Question

In a survey of 1309 people, 825 people said they voted in a recent presidential election. Voting records show that 60% of eligible voters actually did vote. Given that 60% of eligible voters actually did vote,

(a) find the probability that among 1309 randomly selected voters, at least 825 actually did vote.
(b) What do the results from part (a) suggest?

Answer 1

a) P(X>825)

b) This low value of probability of the sample outcome (as 825 voters actually did vote) suggests that the 60% proportion may not be the true population proportion of eligible voters that actually did vote.

Explanation:

We know a priori that 60% of the eligible voters did vote.

From this proportion and a sample size n=1309, we can construct a normal distribution probabilty, that is the approximation of the binomial distribution for large samples.
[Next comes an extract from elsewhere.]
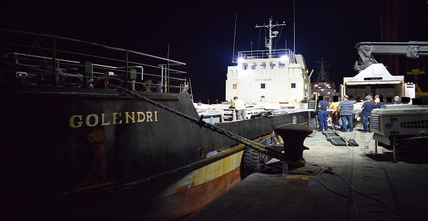 Πρώτες πρωινές ώρες της 15-06-2017 το Περιπολικό Πλοίο Ανοικτής Θαλάσσης του Λιμενικού Σώματος ΠΑΘ 090 εντόπισε το Φ/Γ πλοίο “GOLENDRI”, σημαίας Τανζανίας, στη θαλάσσια περιοχή νότια της Κρήτης, να πλέει χωρίς να έχει σε λειτουργία τα φώτα ναυσιπλοΐας, ούτε και το αυτόματο σύστημα εντοπισμού (A.I.S.). Άμεσα και υπό τον συντονισμό της Διεύθυνσης Δίωξης Ναρκωτικών και Λαθρεμπορίου το Φ/Γ “GOLENDRI” τέθηκε σε διακριτική παρακολούθηση. Βραδινές ώρες της ίδιας ημέρας, το εν λόγω πλοίο σταμάτησε σε απόσταση 1,5 ν.μ. από τις ακτές των Σφακίων Κρήτης. Ταυτόχρονα, μέσω της κάμερας θερμικής απεικόνισης και της συσκευής ραντάρ του Π.Α.Θ. 090, εντοπίστηκε ταχύπλοο σκάφος να κινείται με μεγάλη ταχύτητα προς το Φ/Γ “GOLENDRI”. Το ταχύπλοο έδεσε δίπλα στο “GOLENDRI” και ξεκίνησε μεταφόρτωση χαρτοκιβωτίων με τσιγάρα. Παράλληλα εντοπίστηκαν τέσσερα (04) φορτηγά οχήματα στη ξηρά, στα οποία επρόκειτο να μεταφορτωθούν τα λαθραία τσιγάρα.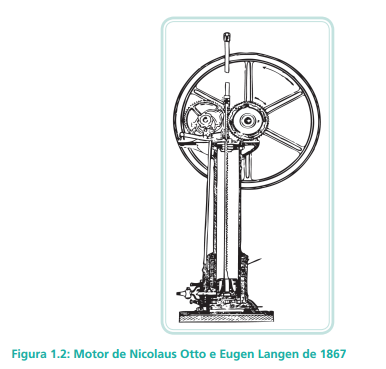 Apresentado pela primeira vez na Exposição Industrial de Paris, em 1867, o motor concebido por Nicolaus Otto e Eugen Langen, Figura 1.2, tinha características bem melhores de desempenho. O conceito desse motor era o de “pistão livre”, impulsionado pela explosão dos gases no cilindro, o pistão estava ligado a um volante através de uma cremalheira e uma engrenagem. No retorno do pistão, produzia-se trabalho mecânico.

Its mean and standard deviation are:

`\mu=n\cdot p=1309\cdot 0.6=785.4\\\\\sigma =√(np(1-p))=√(1309\cdot 0.6\cdot 0.4)=√(314.16)=17.7`

Now, we have to calculate the probabilty that, in the sample of 1309 voters, at least 825 actually did vote. This is P(X>825).

This can be calculated using the z-score for X=825 for the sampling distribution we calculated prerviously:

`z=(X-\mu)/(\sigma)=(825-785.4)/(17.7)=(39.6)/(17.7)=2.24\\\\\\P(X>825)=P(z>2.24)=0.0126`

This low value of probability of the sample outcome (as 825 voters actually did vote) suggests that the 60% proportion may not be the true population proportion of eligible voters that actually did vote.